Можно было бы прекратить свои мучения, отцепившись от троса и возобновив прыжки по торосам. Но я предпочел терпеть боль, зато двигаться, почти не прилагая к этому усилий, поскольку слишком продрог и ослабел, чтобы протестовать против такого унизительного волочения.
Мысли мои после всего пережитого были вязкими, словно покрывающая льдины слякоть. Поэтому я долго не мог взять в толк, что еще, помимо ударов о лед, не дает мне покоя. И лишь когда до берега оставалось всего ничего, а я уже мог, приглядевшись, заметить торчащую на берегу фигуру моего спасителя, до меня вдруг дошло, чем вызваны мои подозрения.
Якорь, который удерживал меня на тросе!
Не далее как позавчера утром, при помощи таких якорей, напавшие на нас охотники взбирались на стены Рижского вокзала. Кошка, что сегодня вытащила меня из ледяной купели, была как две капли воды похожа на кошки из арсенала оперативников Ведомства. Я знал это абсолютно точно, поскольку, как вы помните, мне довелось тогда воспользоваться их фалом.
Случайное совпадение? Не исключено, ведь подобные верхолазные причиндалы не являются уникальными и могут иметься не только в армейских спецподразделениях. Но не тем я был человеком, чтобы верить в случайности. Особенно после того, как на мой след вышла такая крутая контора, как Ведомство…
Глава 5
Ведомственный оперативник-комбинатор походил на другого известного мне комбинатора — Остапа Бендера — не более, чем я походил на настоящего мангуста.

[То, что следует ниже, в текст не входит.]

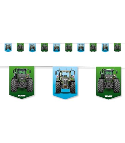 Traktor-Fans aufgepasst! Dieses 5-teilige Deckenhänger-Set mit FENDT Motiven ist perfekt für jede Bauernhof-Party. Enthält 1 'Happy Birthday' Schild und 4 runde Traktor-Motive - alle ca. 150cm lang. Aus festem Karton, doppelseitig bedruckt und komplett mit Befestigungsschnur. Made in Germany! Passt super zu den anderen Artikeln dieser Serie. Einfach aufhängen und sofort ist Party-Stimmung im Raum. Das ideale Geschenk für kleine Traktor-Liebhaber!
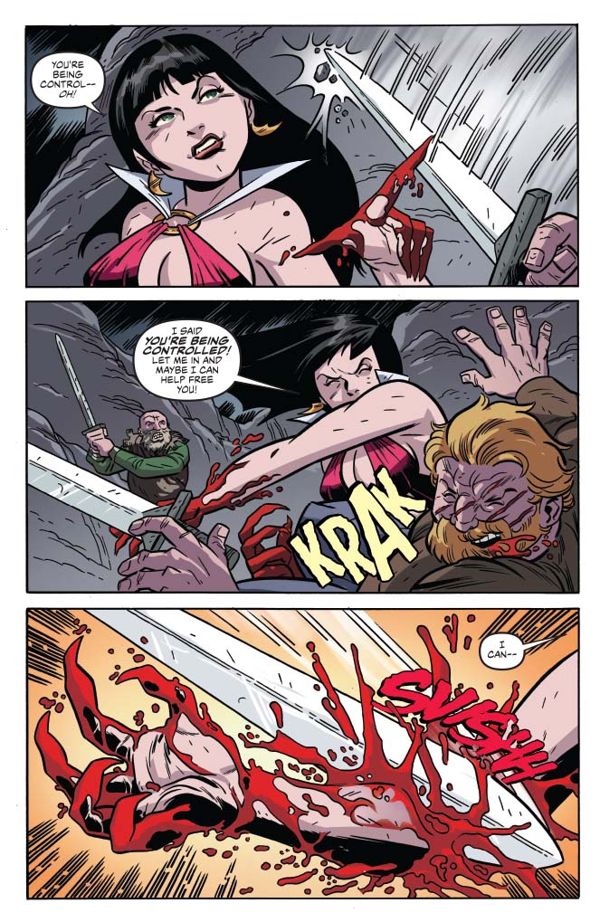 Here's where we throw in the first bit of Savage into this Savage Tale — Vampirella's arm getting cleaved off by a sword! It wasn't even in the initial outline. It just sort of happened while scripting.
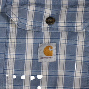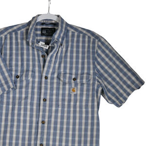 Carhartt Button Down Shirt Men Size S Blue Plaid Loose Fit Cotton Flap Pockets
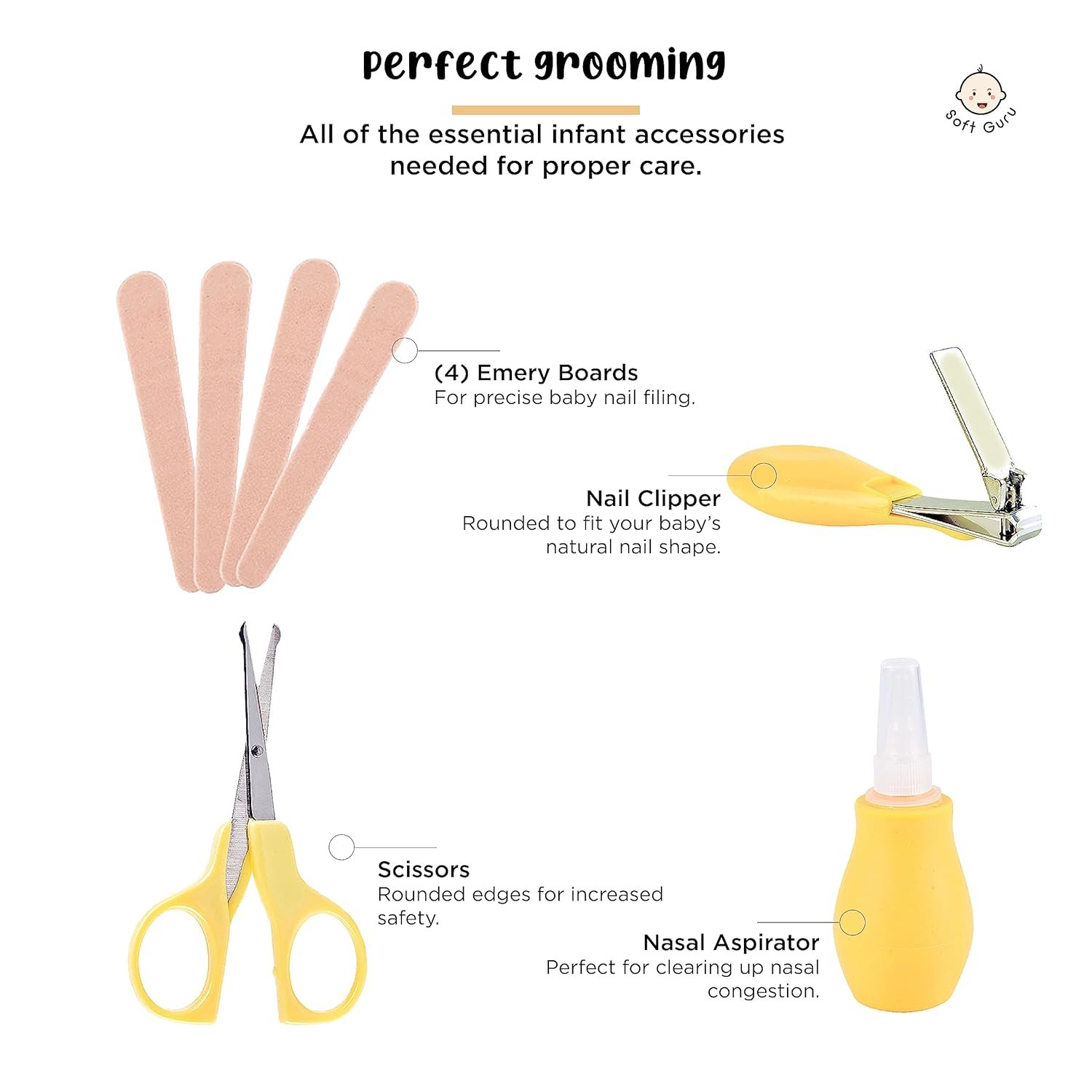 Safety is Key: Our kit is made with your baby’s safety in mind. Every item is gentle, just the right size, and designed to ensure a secure personal care experience for your little one.
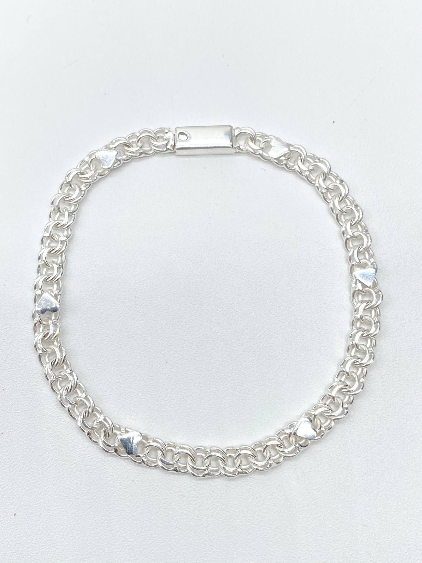 Pulso de tejido chino con corazones, broche de perico en plata 925 mexicana.

Облаченный в такой же, как были у его позавчерашних головорезов, легкий комбинезон, этот странный тип, однако, во всем остальном разительно от них отличался. Забегая чуть вперед, скажу — я предполагал, что нам опять придется разговаривать со скрытным, суровым субъектом, из которого лишнее слово клещами не вытянуть. Но на поверку комбинатор оказался весьма компанейским парнем и источал дружелюбие, назвать которое показным было даже как-то неудобно. Само собой, мы осознавали, что имеем дело со втирающимся к нам в доверие первоклассным артистом и лицемером. И тем не менее общаться с ним было не в пример приятнее, чем с любым другим чистильщиком. Кроме, пожалуй, нашего с Мерлином «жженого» приятеля из Чернобыля, пропойцы-капитана Матвея Коваленко.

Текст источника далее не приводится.